Size of nginx-full executable: 1.1 MiB

Size of apache2 executable: 648K


For self-contained architecture-specific server binaries, there is no practical difference between 240KB, or 2.4MB, or 24.4MB, or even, at a stretch, 244MB. It's not worth mentioning or optimizing for, except as novelty. I wish people would stop golfing with these numbers.


You have it backwards, apache or nginx size is not for the novelty. Go is just a pig and its size grows every new release, and the size isn't really for being statically linked or debugging symbols, because it's huge even when those options are disabled.

Right now a "hello world" application in Go has comparable size to an OS with full GUI.


You would need find an application where the binary image size is a problem. In an age where 1TB SSDs are 300 USD this will be ... challenging. You are able to have about a thousand gigabyte sized images on that one SSD and I suspect you will hit CPU and I/O limits well before you have a thousand different binaries running for real.

Media storage would go on spinning rust disks anyways separate from the SSD(s).


The consideration isn’t binary size, but hot-loop cache coherency. Big binaries cause code-segment cache-line eviction.
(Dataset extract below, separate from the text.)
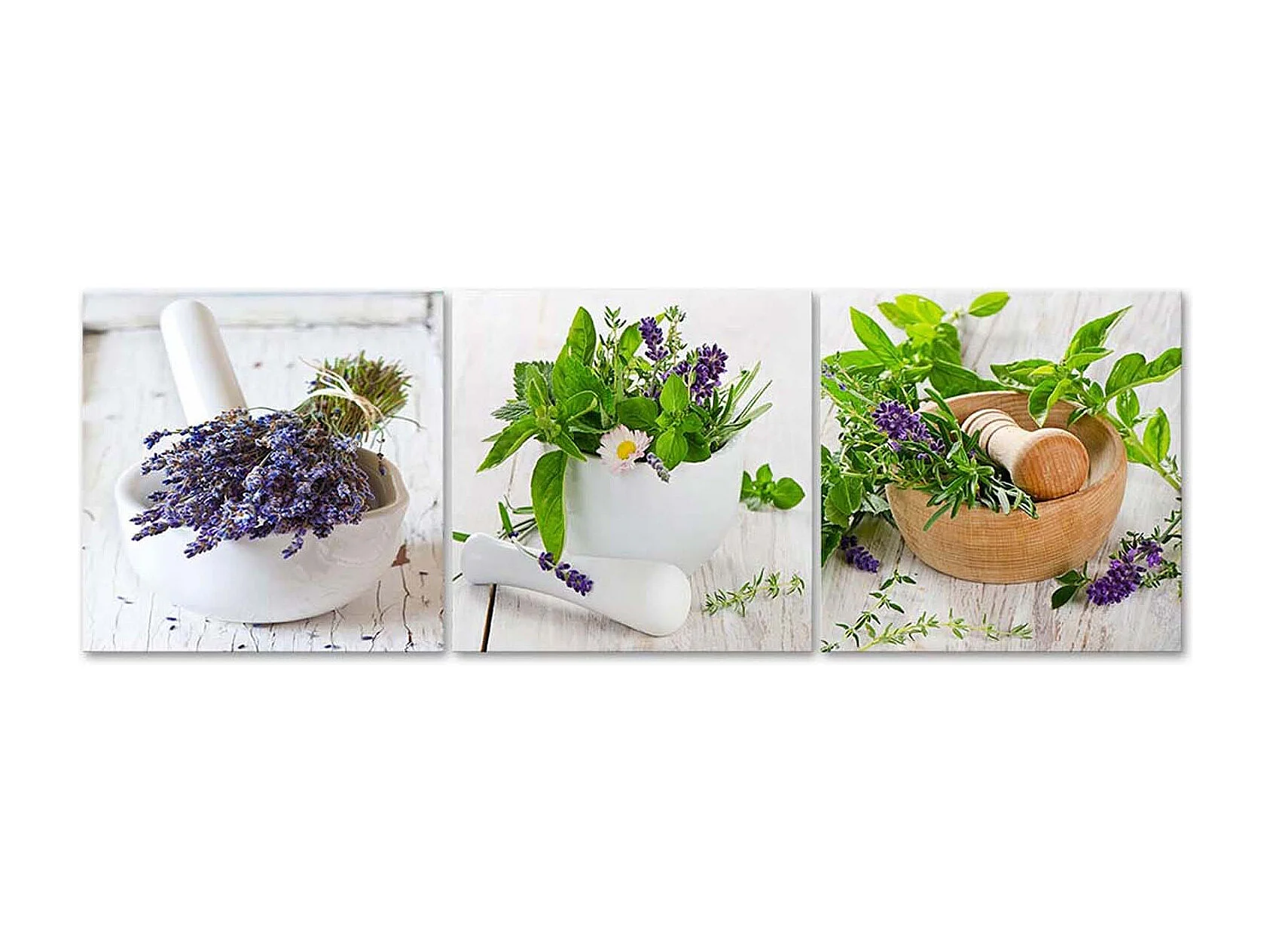 Stampa su tela 3 parti, Le erbe in cucina - 120x40
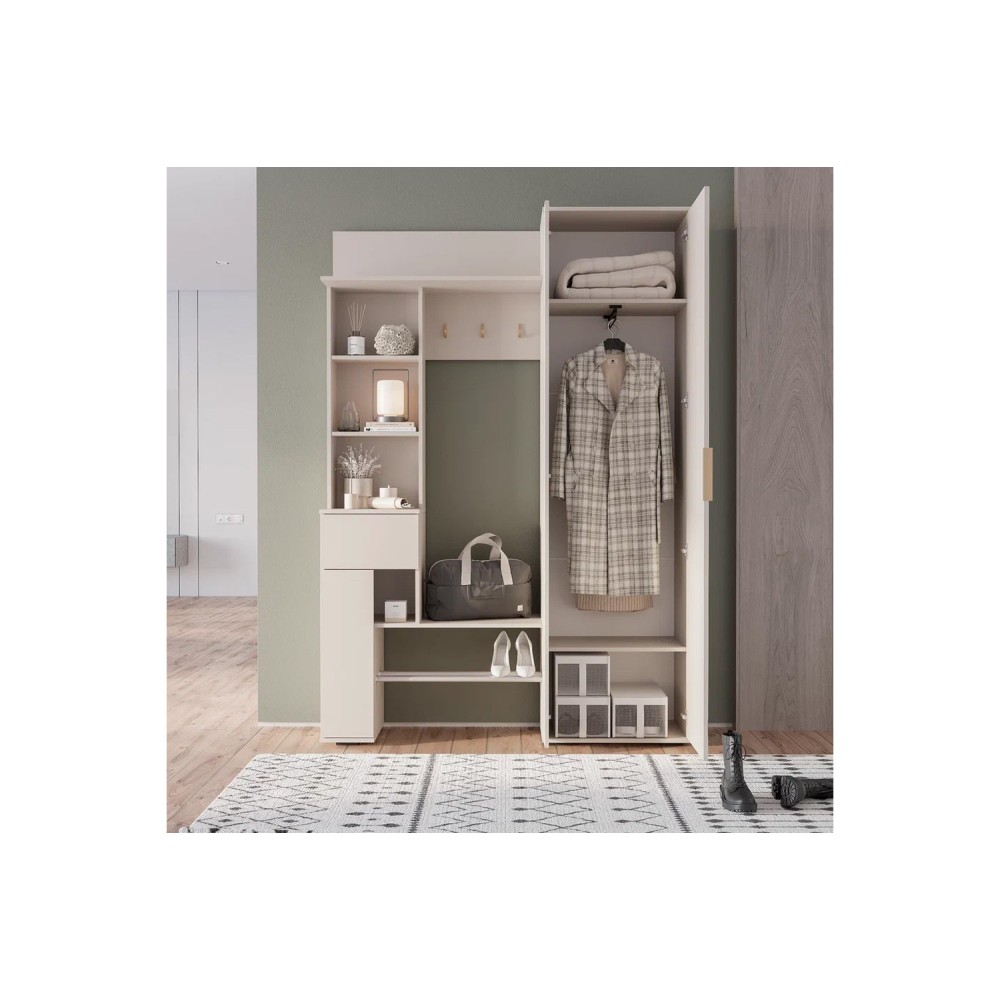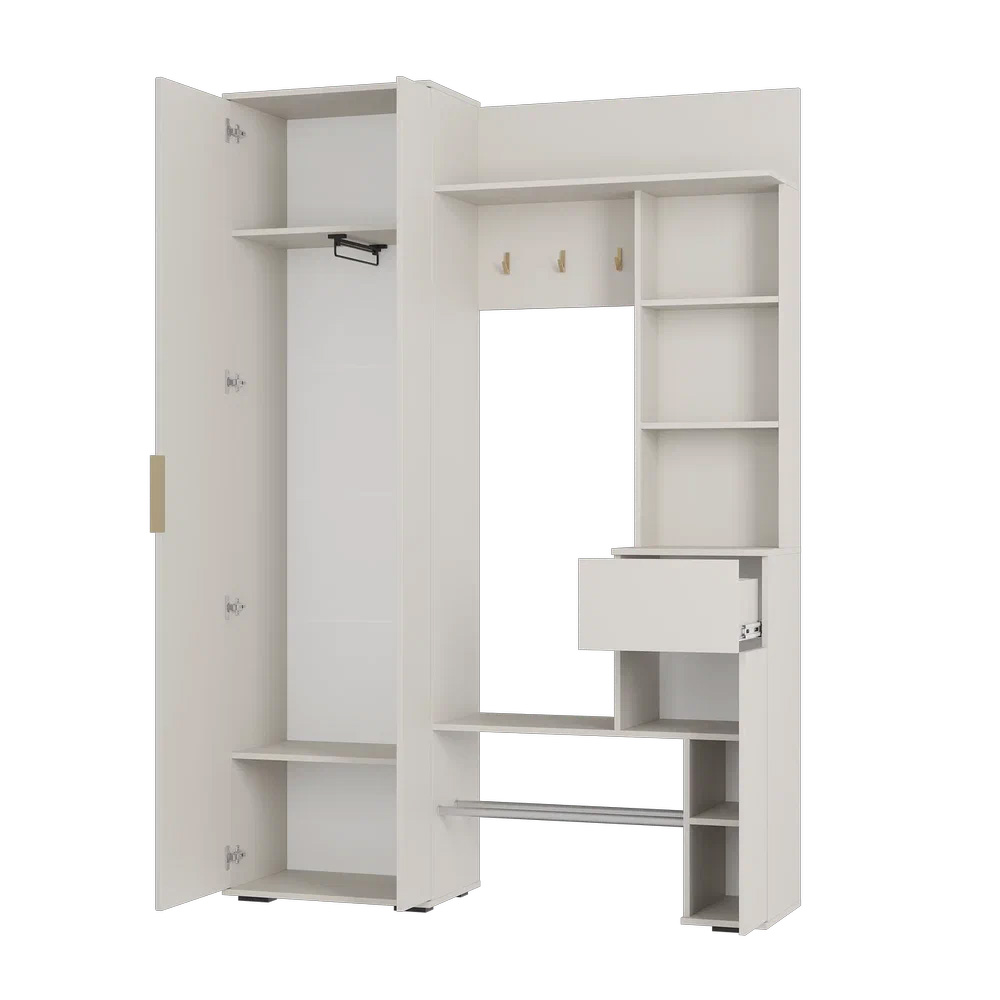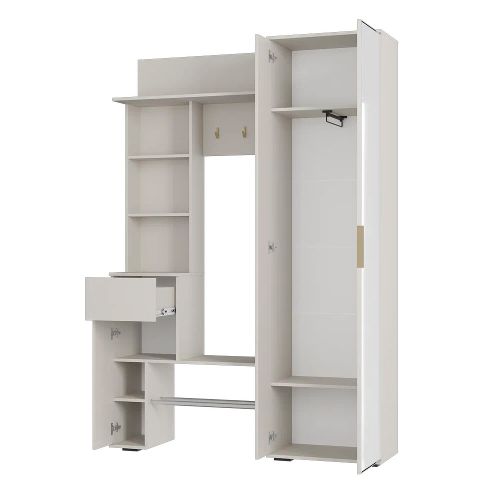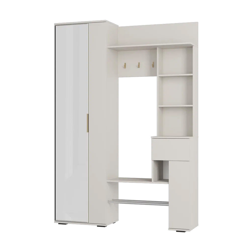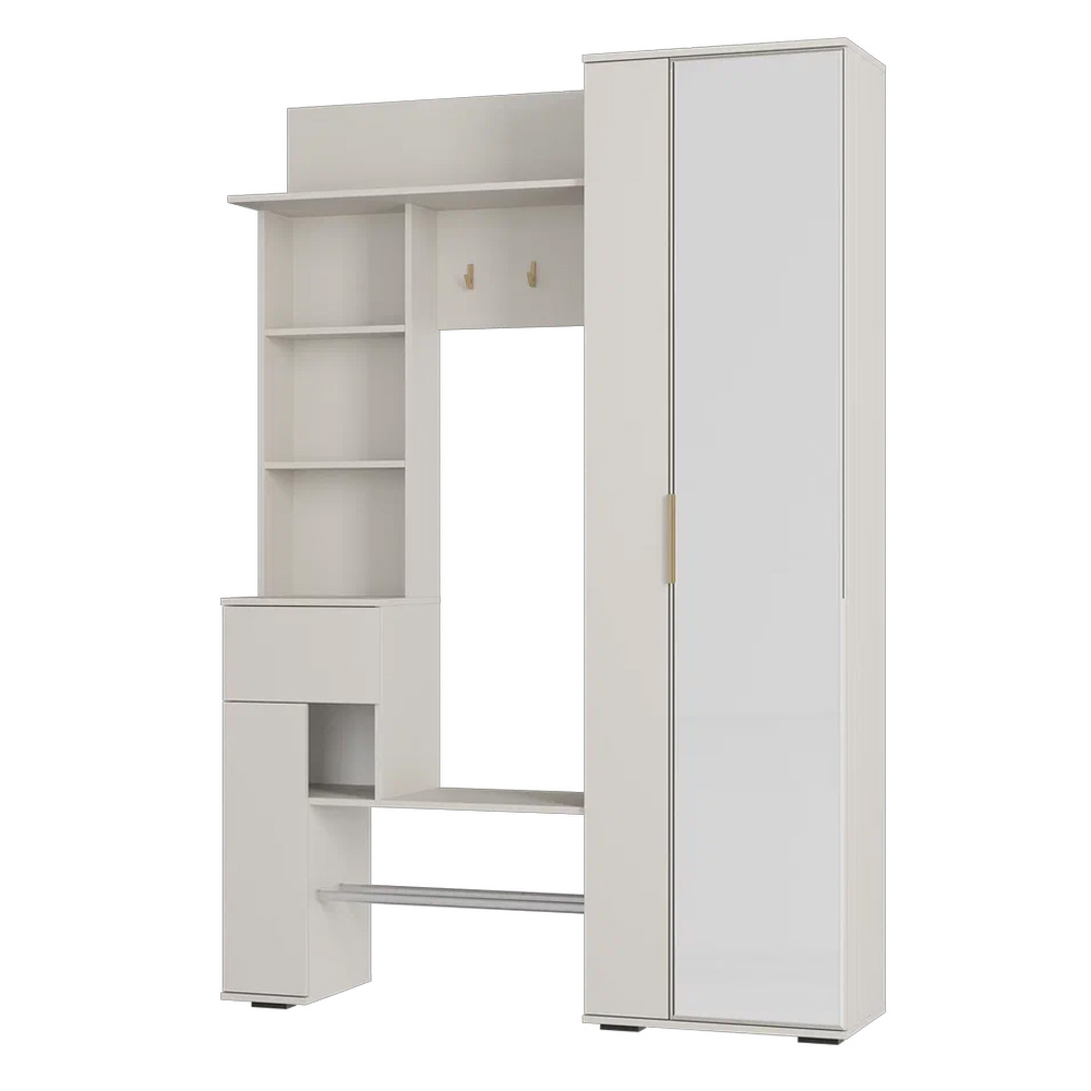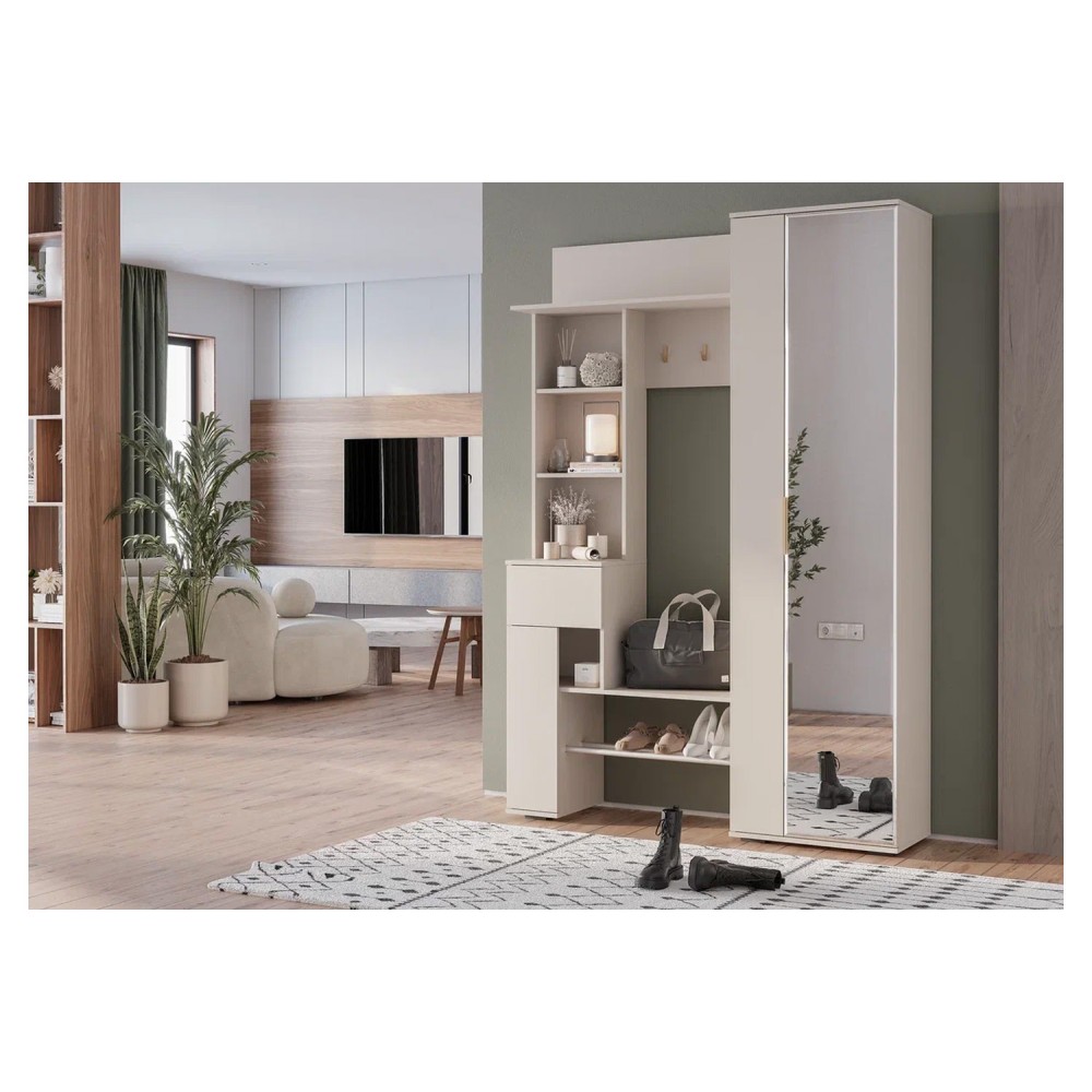 Прихожая "Ницца" выполнена в трендовом оттенке "кашемир". Модель включает в себя: большой шкаф для верхней одежды, полку под сумки и головные уборы, обувницу с металлическими рейками с защитой от промокания, множество полок для мелочей, компактный ящик с шариковыми направляющими полного выдвижения. яркий акцент на фасаде: стильная торцевая ручка и крючки в цвете "матовое золото", удобное зеркало в полный рост добавит пространству света.

Then that's a typical case of optimizing on the wrong metric.

Find a case where it's actually too slow, ok, but saying "A does X, and X can lead to Y, therefore A does Y" is wrong.

If you say the size of the binary is an issue, then give the issue, not how it could (or not) be an issue.


We observed noticeable difference in deployment time and auto scaling based on container size.


Who cares? Literally, what problem does it cause, or what does it make worse? It is totally immaterial.


- increases amount of time to fetch and run container (it actually is quite noticeable when you have app that scales out and you updating it)

- it increases amount of storage to store multiple versions of containers (when you have an internal app and do frequent releases it adds quickly)

- it increases amount of data transferred on every deployment

- increases amount of memory used (the whole point of containers, was to efficiently use hardware (BORG), although a lot of people today miss that reason and run containers on VMs)


True. Luckily, most Go binaries can be upx'd ( https://upx.github.io/ ) for a fraction of their original size. Just put it into your Dockerfile as a part of the build process.


This works and helps with storage/transit. Word of warning though that many AV like to flag UPX'd executables (only important if it's not an internal tool), and it'll take even longer for it to start, and will use more memory. My understanding is it essentially does standard compression on the executable and appends the decompression part on the front of it.


With UPX the entire docker image with Algernon takes only 9MB.


You have to ask yourself what is that space used for??

They're all compiled languages doing (roughly) the same operations. There is an order of magnitude difference in the number of instructions in one compared to the other.

Apache is more likely to be entirely cached whereas the others aren't.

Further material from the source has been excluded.